The 1987 Australian Drivers' Championship was a CAMS sanctioned national motor racing title contested over a single race for Australian Formula 2 racing cars. The race, billed as the "Australia Cup for the 1987 CAMS Gold Star", was staged at the Adelaide Street Circuit in South Australia on Friday, 13 November 1987. This was the first year that the championship had been restricted to Australian Formula 2 cars and is the only year to date in which the title has been awarded on the results of a single race rather than a series of races.

David Brabham won the race after a remarkable drive from grid position 38 after poor qualifying caused by missing almost all of practice with carburettor and electrical problems.
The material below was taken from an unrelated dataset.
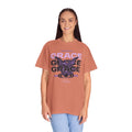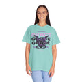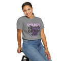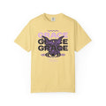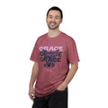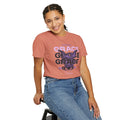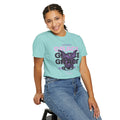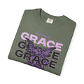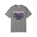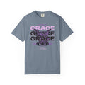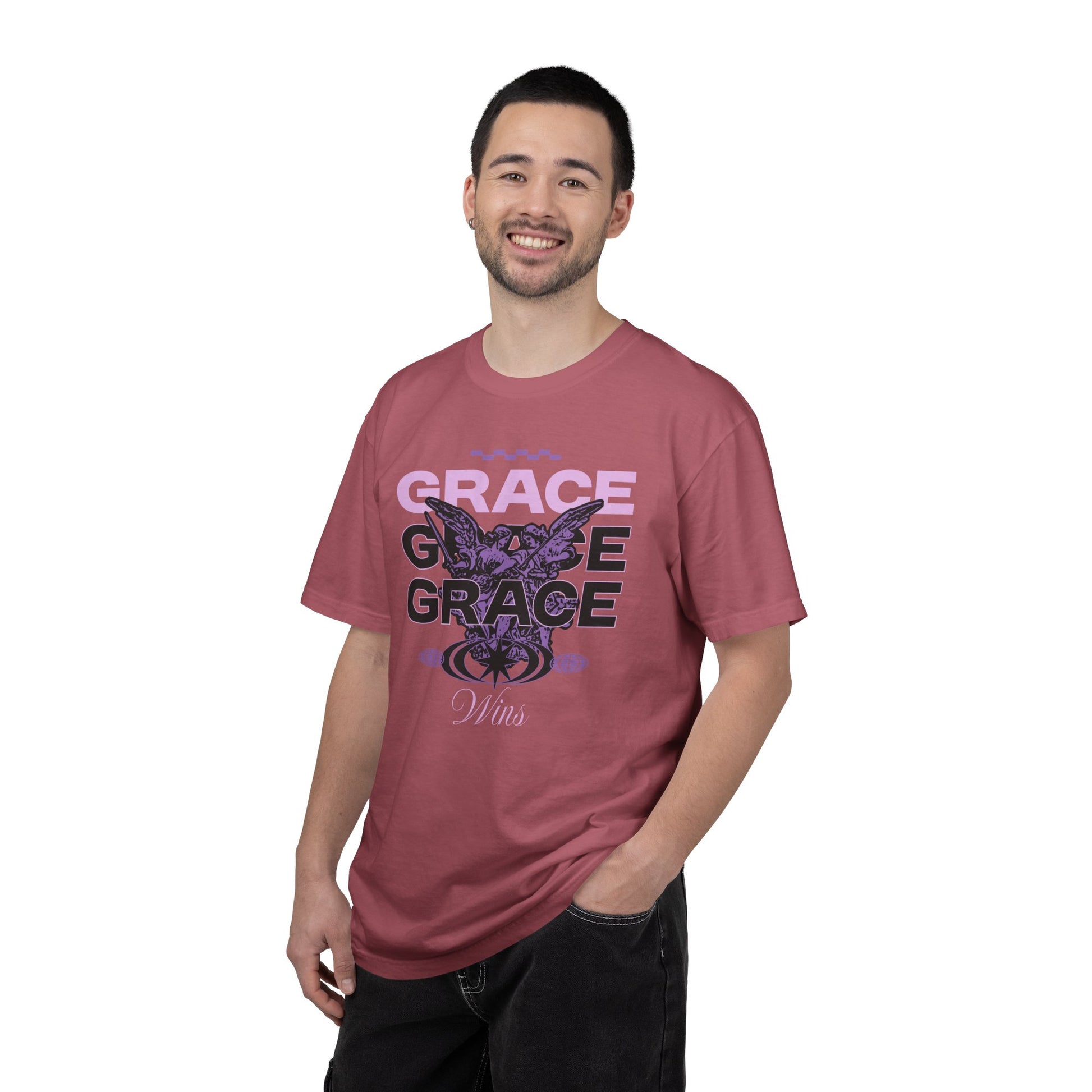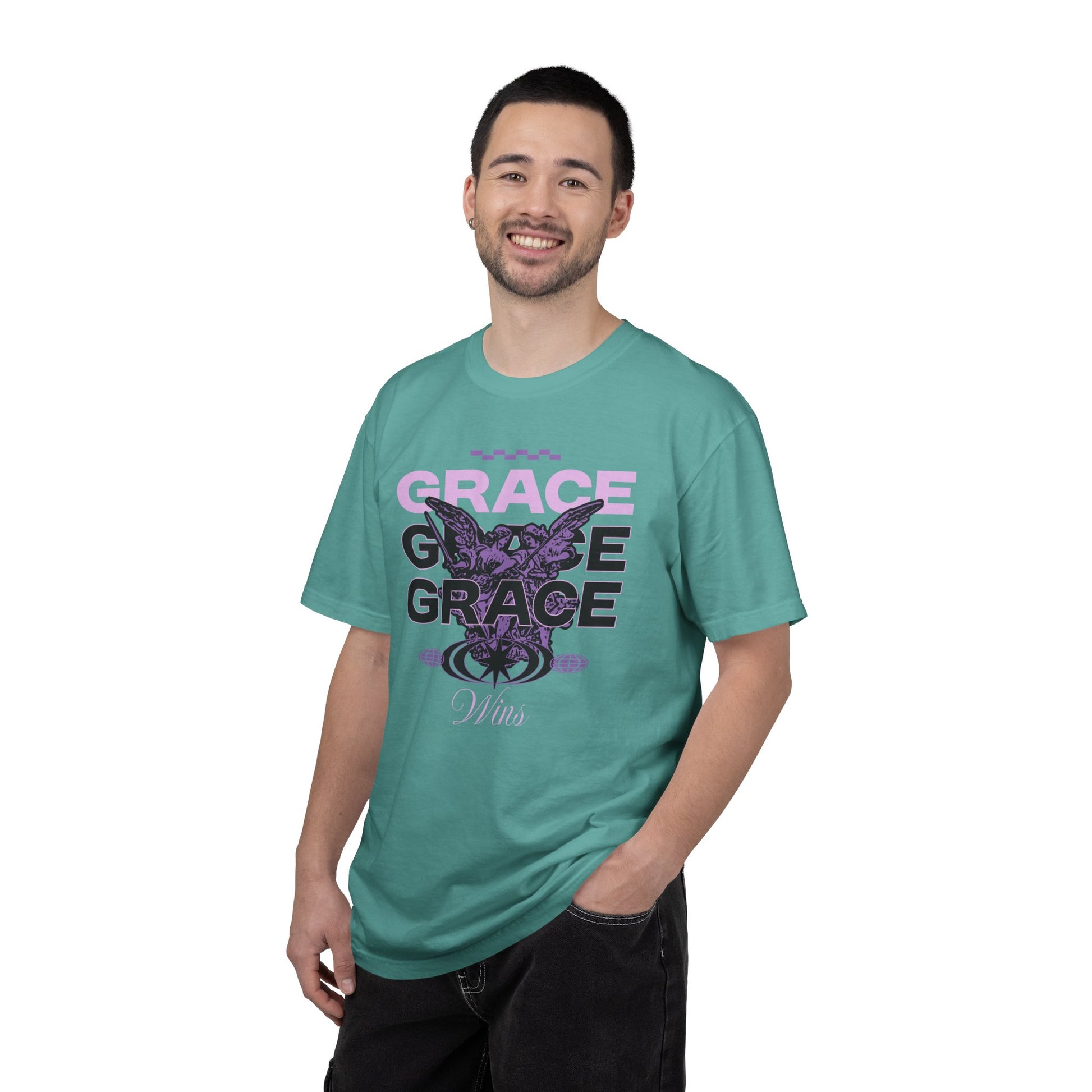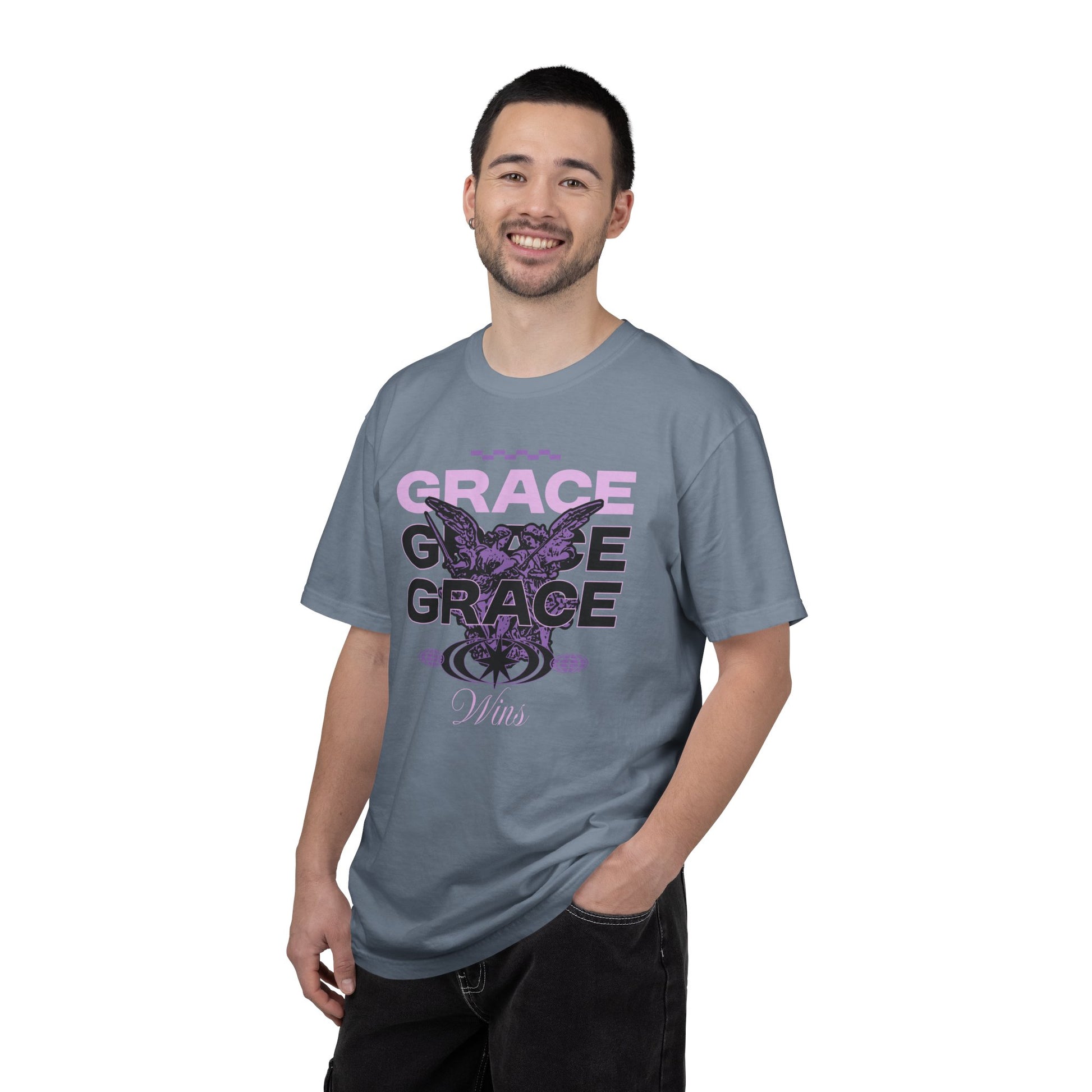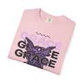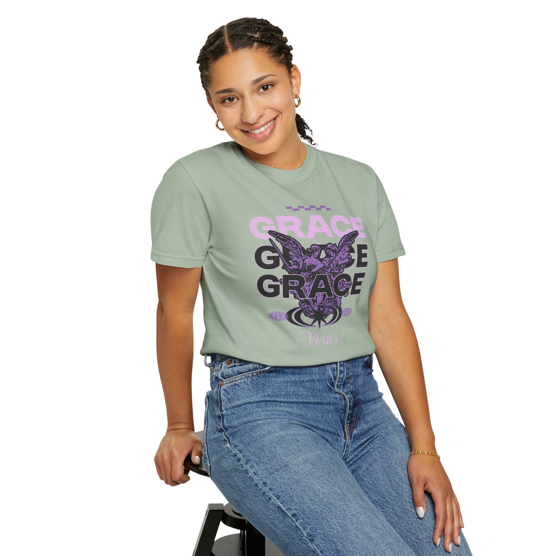 This garment-dyed tee brings a soft, lived-in feel to a bold graphic aesthetic. The relaxed fit and heavyweight 100% ring-spun cotton sit like a familiar favorite, while the layered “GRACE” text and ornate central illustration add a slightly gothic, artful edge. Wear it on slow mornings at the coffee shop or out late at a show — the muted dye and sturdy construction keep it comfortable and dependable as you move through your day. The look reads like street-ready vintage with a thoughtful, handcrafted touch; it settles in easily with denim, layered jackets, or tucked into high-waist bottoms for an effortless, intentional vibe.
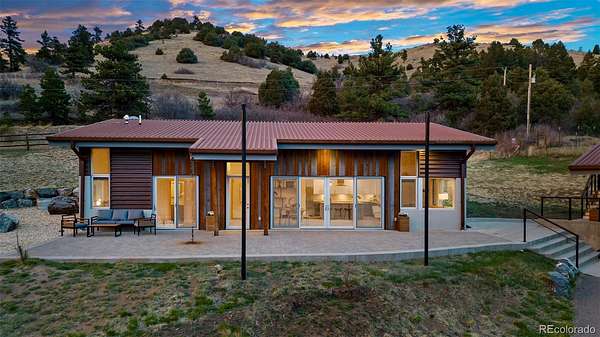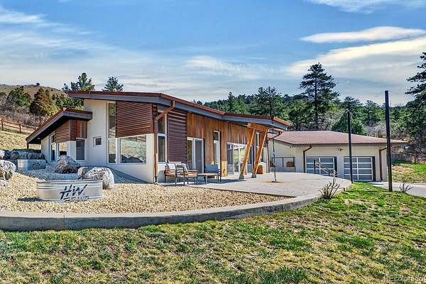 OFFER RECEIVED. IF YOU HAVE INTEREST IN THIS PROPERTY, PLS CALL LA @303-847-8555. Thank you! Welcome to 9362 Jennings Rd! Surrounded 360° by mountain views this home is nestled on nearly 9 acres and built with ultimate sustainability and GREEN ENERGY in mind. Designed by Barrett Studio Architects in Boulder, and built in 2018, this property represents a perfect blend of rich craftsmanship, raw and rustic materials, and modern detailing. This is a COLORADO RANCH HOUSE, responsive to the barn and animals, mountains, big sky, intense wind, and rugged dryness…a home for living dreams! Imagine a home that can produce enough renewable energy to meet its own annual energy consumption, and more, giving back to the electrical grid. All this is possible by combination of passive solar design (concrete floors and a heavily glazed south-facing wall), high performance building technology, and renewable energy systems (ERV for heating and cooling). 5.2 kW full south facing ground mount ACTIVE SOLAR system produces enough to eliminate the energy bill completely. Seller’s annual cost towards heating is roughly $200 for bags of wood pellets. Triple pane windows limit heat loss and condensation in the winter, while the low sun floods the space and provides PASSIVE SOLAR heating, absorbed by the concrete floor’s thermal mass. In the summer, the roof overhang shades most of the south-facing glass, while the home’s narrow profile, and ERV renewable energy system provide cross ventilation cooling. Seamless transition from landscape to architecture is complimented by both indoors and outdoor open spaces with views and literal connection to nature. The BARN has equipment and hay storage, shelter for 3 HORSES and a fenced corral, round pen and pasture. The detached garage boasts ample cabinets and storage plus 260 sf finished/heated office or bonus space. Highly resistant to wind, hail, fire, and snow STEEL ROOFING will last generations! Truly one-of-a-kind HOME!

While Brabham picked his way through the field the battle for the race saw Rohan Onslow and Mark McLaughlin take the lead after polesitter Arthur Abrahams was left on the grid with a failed ignition ballast restrictor. McLaughlin led for much of the race but his Elfin slowed near the end of the race and was swamped by Onslow then Brabham. With two laps remaining Brabham caught and passed Onlow and pulled away for a 1.7-second victory.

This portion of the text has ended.